1, 2, 3, 4 ,5, 6, 7,
8, 9,10,__,12,13,14,
15,16,17,18,19,20,21,
__,23,24,25,26,27,28,
29,30,31,32,__,34,35,
36,37,38,39,40,41,42,
43,__,45,46,47,48,49,
50,51,52,53,54,__,56,
57,58,59,60,61,62,63,
64,65,__,67,68,69,70,
71,72,73,74,75,76,__,
...
now you could have notice: for last column all numbers are multiples of 7, and hence good. for other columns, 1.all number above circled ones are bad,
2.all number beneath are good.
if you can prove 1 and 2, then we have the answer to number of bad numbers:
floor(11/7) + floor (22/7) + floor(33/7)+...+floor(66/7)
or
floor(7/11) + floor (14/11) + floor(21/11) + ... + floor(70/11)

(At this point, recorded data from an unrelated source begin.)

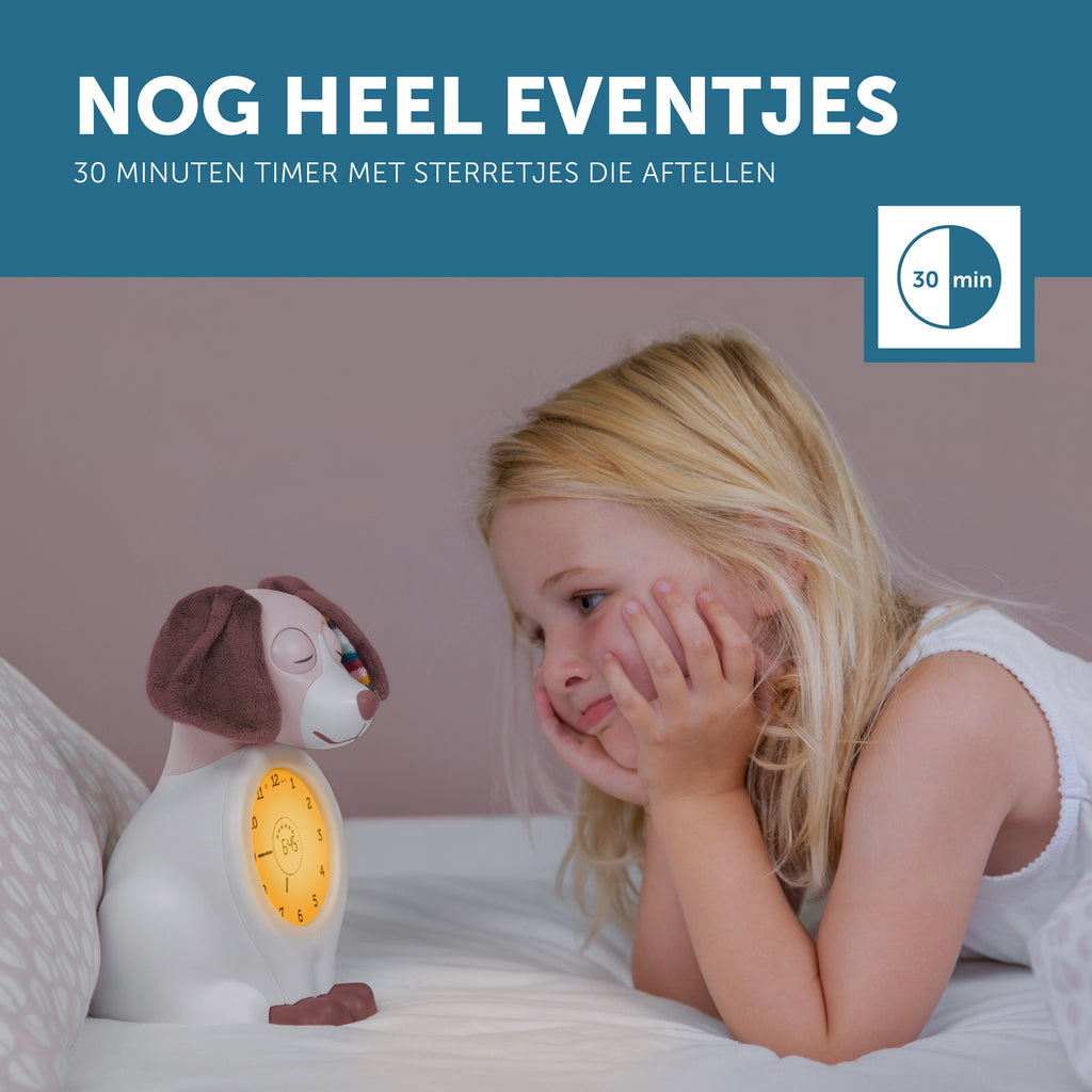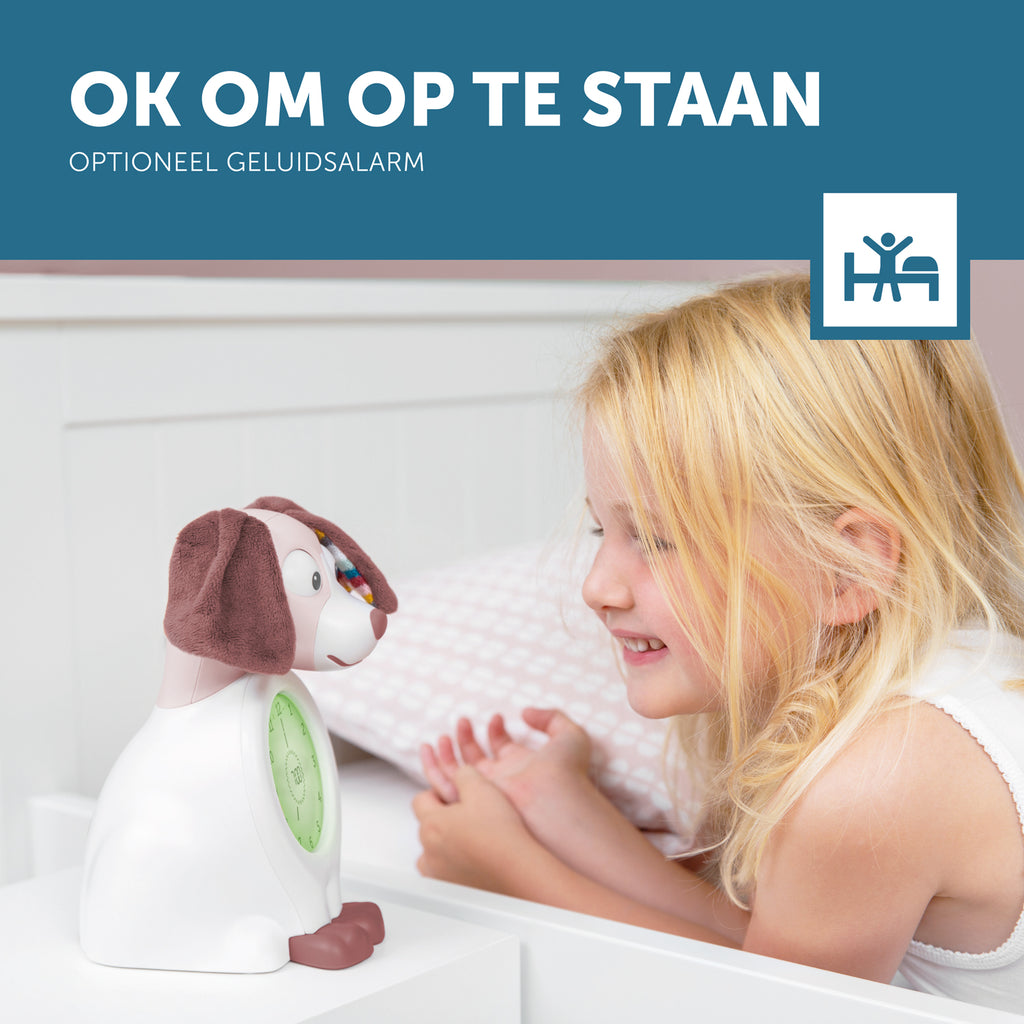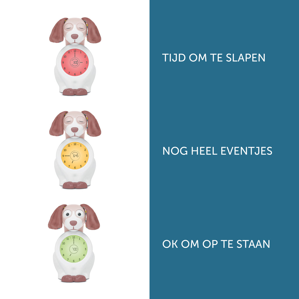Als je kindje de volgende dag wakker wordt terwijl het nog geen tijd is om op te staan, laat Davy de hond zien hoe lang het nog duurt tot hij wakker wordt. Als het nog maar een half uurtje duurt voor het tijd is om wakker te worden, zal het scherm van Sam oranje oplichten. Je kind hoeft dan nog maar heel even geduld te hebben! De sterretjes op het scherm tellen af wanneer het half uur voorbij is.
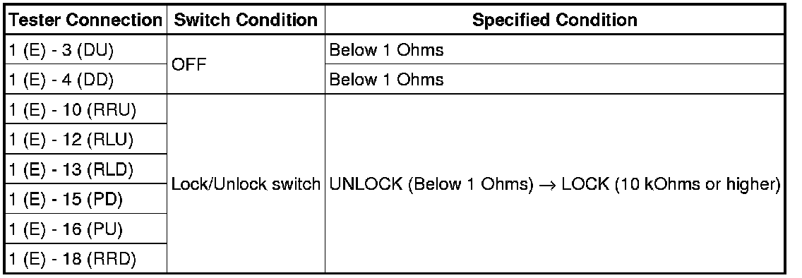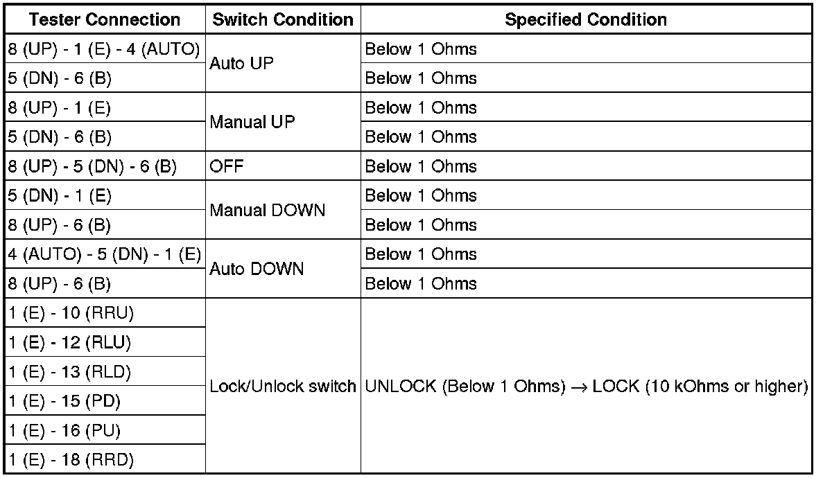 2. INSPECT POWER WINDOW MASTER SWITCH (w/o Jam Protection Function)
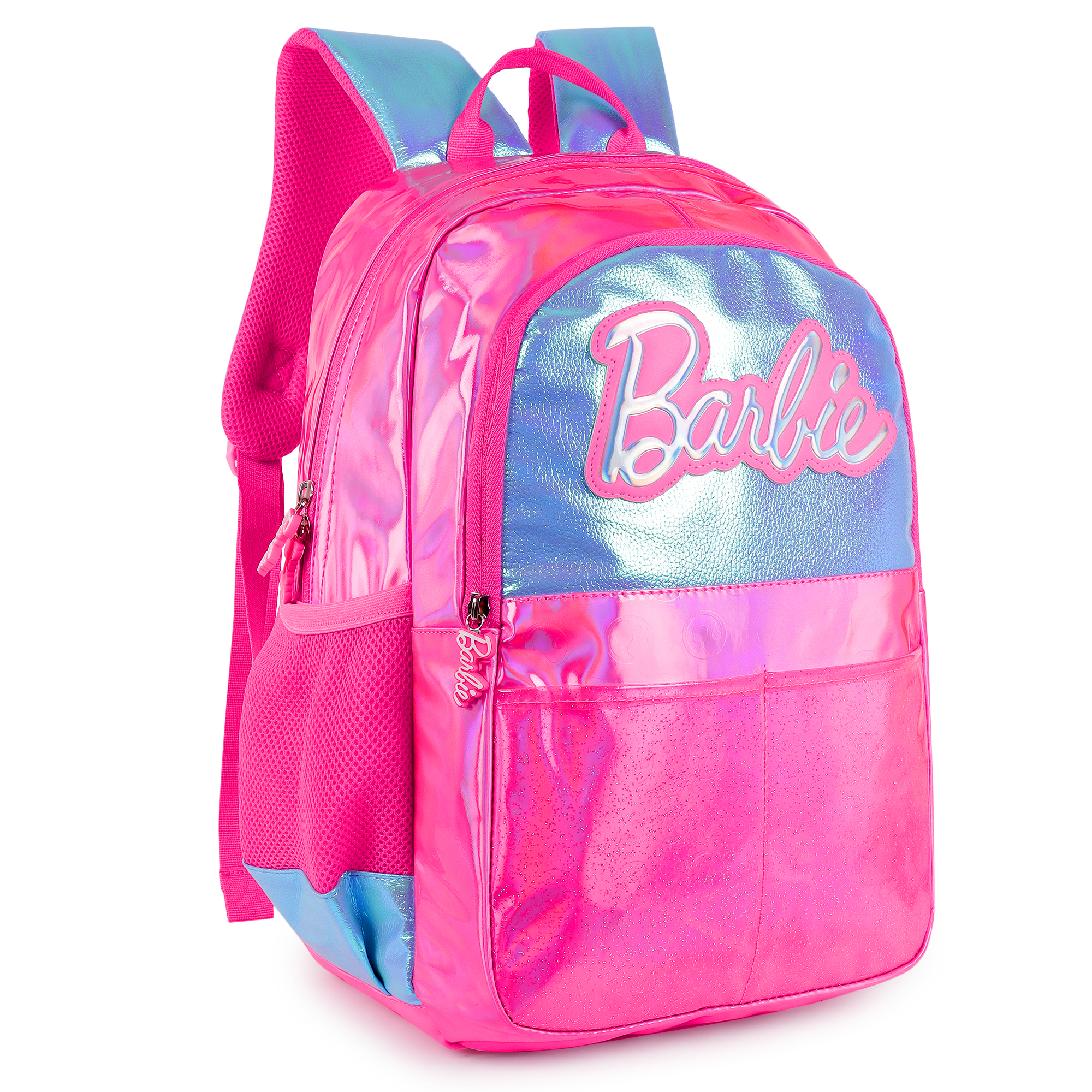 Let your little fashionista sparkle every day with the HOTSHOT Premium Barbie Backpack, a bold fusion of style and functionality. Featuring a stunning holographic pink and aqua blue finish with a 3D Barbie logo, this backpack radiates glamour and confidence. Whether it’s for school, travel, or fun outings, this backpack is designed to turn heads and inspire dreams.Crafted with high-quality, shimmering materials and loaded with practical features, it’s the ideal companion for young Barbie fans who love to shine while staying organized.

[we have an interesting identity here..., but it is quite easy to prove by normal means]
but notice the fraction parts of {11/7,22/7,...66/7} are just a permutation of {1/7,2/7,...,6/7}.
so we have (1/7)*[(11+22+...+66)-(1+2+...+6)] = 30.
now (x,y) = (7,11), so the formula can be rewritten as
(1/x)*[(y+2y+..+(x-1)y)-(1+2+..+(x-1))] = (1/2)(x-1)(y-1), the answer.